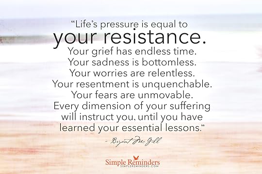 Life's pressure is equal to your resistance. Your grief has endless time. Your sadness is bottomless. Your worries are relentless. Your resentment is unquenchable. Your fears are unmovable. Every dimension of your suffering will instruct you, until you have learned their essential lessons.
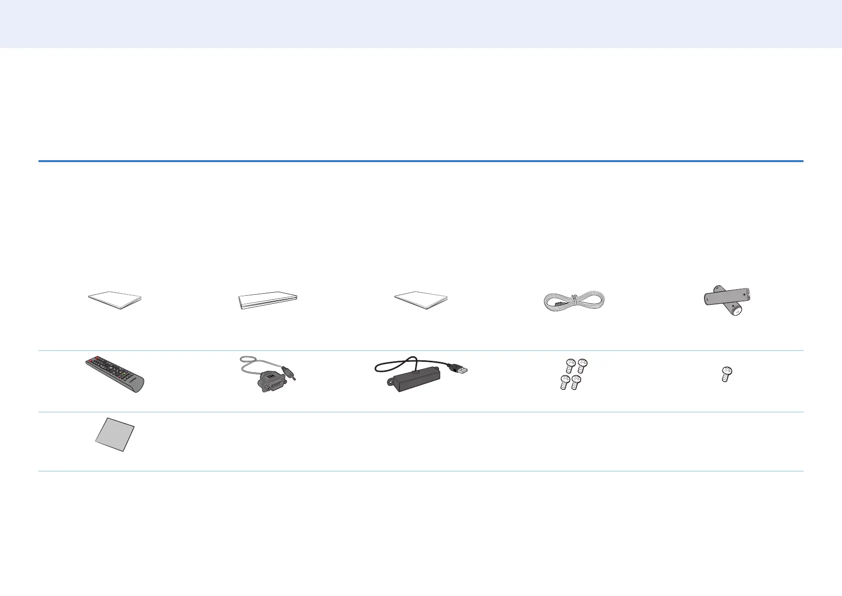 Remote control RS232C(IN) adapter Proximity sensor Screw (M4L8, 4 pieces) Screw (M3L8, 1 piece)
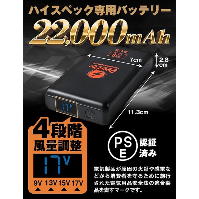 【17V22000mAhのPSE認証バッテリー付き!】Duerfusaのファンバッテリーセットには、17V22000mAhのパワフルで長持ちするPSE認証済みの専用バッテリーが付属しています。4段階に調整可能な風量を実現し、高性能なバッテリーです。空調ウェア専用に設計されたバッテリーなので、故障も少なく長くご使用いただけます。操作方法の詳細は付属の取り扱い説明書をご確認ください。
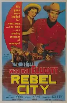 Rebel City is a 1953 American Western film directed by Thomas Carr and starring Wild Bill Elliott, Marjorie Lord and Robert Kent. The film is set in Junction City in Kansas during the American Civil War where Southern supporters are attempting to launch an uprising.[1]
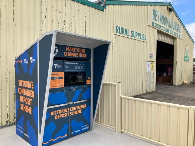 The reverse vending machine has been relocated to Heywood Hardware.

### Brief
Beginning with the line holding "Rebel City is", copy each line exactly through the end of the records above, and leave every picture out.

### Answer to the exercise
 Rebel City is a 1953 American Western film directed by Thomas Carr and starring Wild Bill Elliott, Marjorie Lord and Robert Kent. The film is set in Junction City in Kansas during the American Civil War where Southern supporters are attempting to launch an uprising.[1]
 The reverse vending machine has been relocated to Heywood Hardware.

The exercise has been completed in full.